While today’s speaker verification systems perform reasonably well under controlled conditions, their performance is often compromised under real-world environments. In particular, variations in handset characteristics are known to be the major cause of performance degradation. Research has found that the effect of handset variations can be greatly reduced if handset characteristics are known a priori. However, this requirement limits the scale of the systems because maintaining a handset database for storing the information of all possible handset models is a great challenge. Our proposal overcomes this problem by means of a blind feature transformation approach in which the transformation parameters are determined online without any a priori knowledge of handset characteristics, which makes the method more appropriate for large-scale deployment. The project will provide new solutions to some of the practical problems encountered by speaker verification researchers today. These solutions will potentially help telecommunication service providers and financial service providers to open up new markets.
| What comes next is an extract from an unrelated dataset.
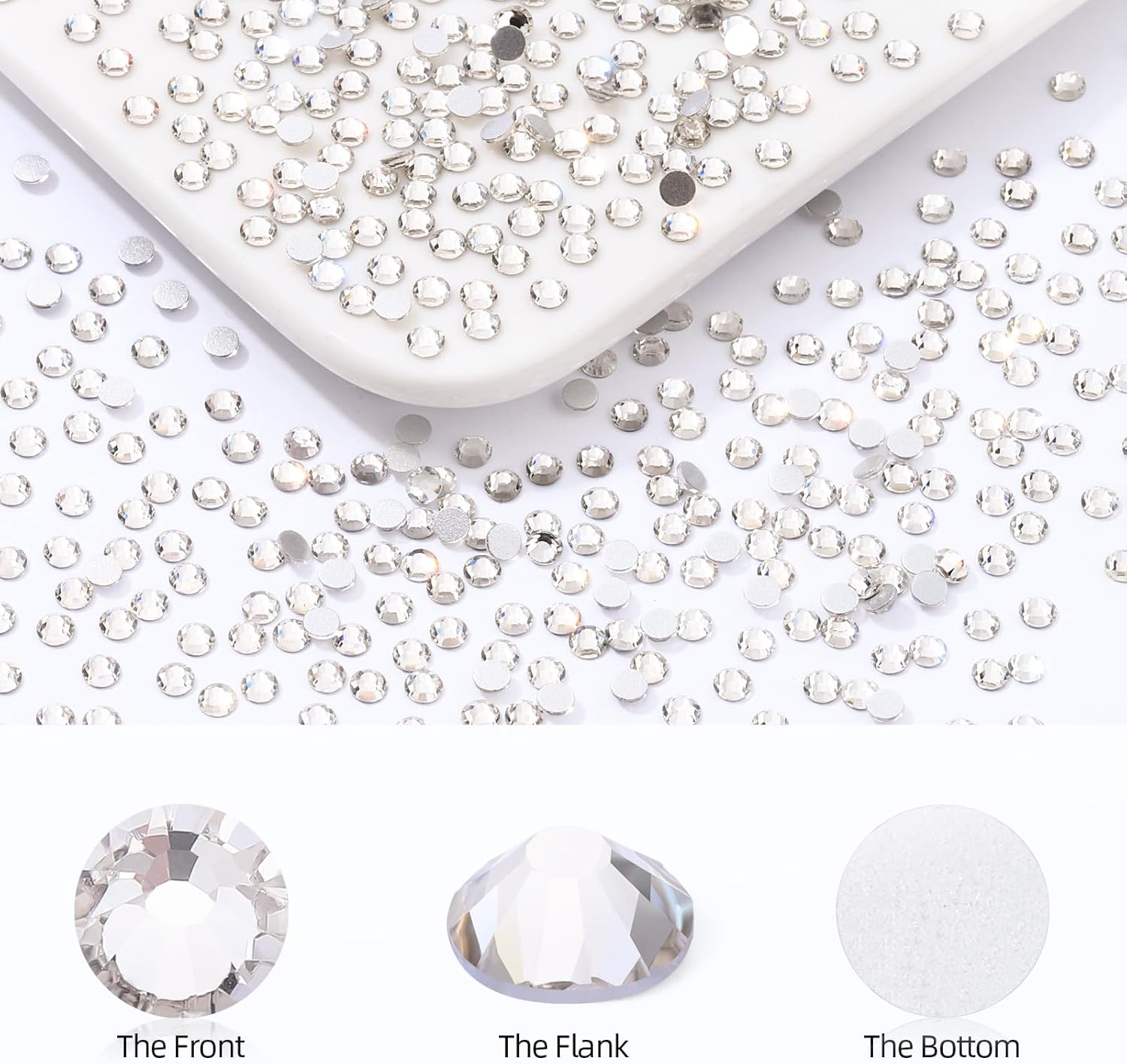 Crystal Clear Flatback Rhinestones, Glass Rhinestones for Nail Art and Craft, Glue Fix, Loose Crystal Gemstones(Crystal, SS10, 2880pcs, 2.7-2.8mm)

Investigator: M.W. Mak and S.Y. Kung

Funding Source: RGC Competitive Bids, 2005.

 

Multi-Sample Decision Fusion for Biometric Verification

Over 85% of the population in Hong Kong uses mobile phones, and most of them are willing to carry out financial transactions over wireless networks. However, there is now a growing concern about the security of these transactions. In particular, prevailing remote access systems, which determine the eligibility of users by personal identity numbers, pose a high security risk. This project aims to improve the security of these systems by using biometric technologies. These technologies allow a system to verify its users on the basis of their physiological characteristics, such as voices, fingerprints and face patterns, or some aspect of behaviour, such as handwriting or keystroke patterns. Since the means for biometric systems to identify a person is not based on what he or she knows (a code), or possesses (a card), but on what he or she has (a characteristic), the possibility of forgery can be greatly reduced.

Most biometric authentication systems take one sample (e.g. an utterance or a video shot) from their users in a verification session. To improve the reliability of the verification decisions, some systems require their users to provide more than one sample during verification; the average scores of these samples are then used for making decisions on verification. However, averaging the scores may not produce optimal decisions because this approach considers the patterns in the samples as being equally reliable, which is often not the case in practice. In this project, we propose a novel approach to determining the reliability of individual frame-based feature vectors to combine the scores of the independent samples gathered from users during verification. The proposed fusion approach is very general and is potentially applicable to multi-sample, multi-modal biometric authentication. The project will provide new solutions to some of the practical problems encountered by biometrics researchers today. These solutions will potentially help telecommunication service providers and financial service providers to open up new markets.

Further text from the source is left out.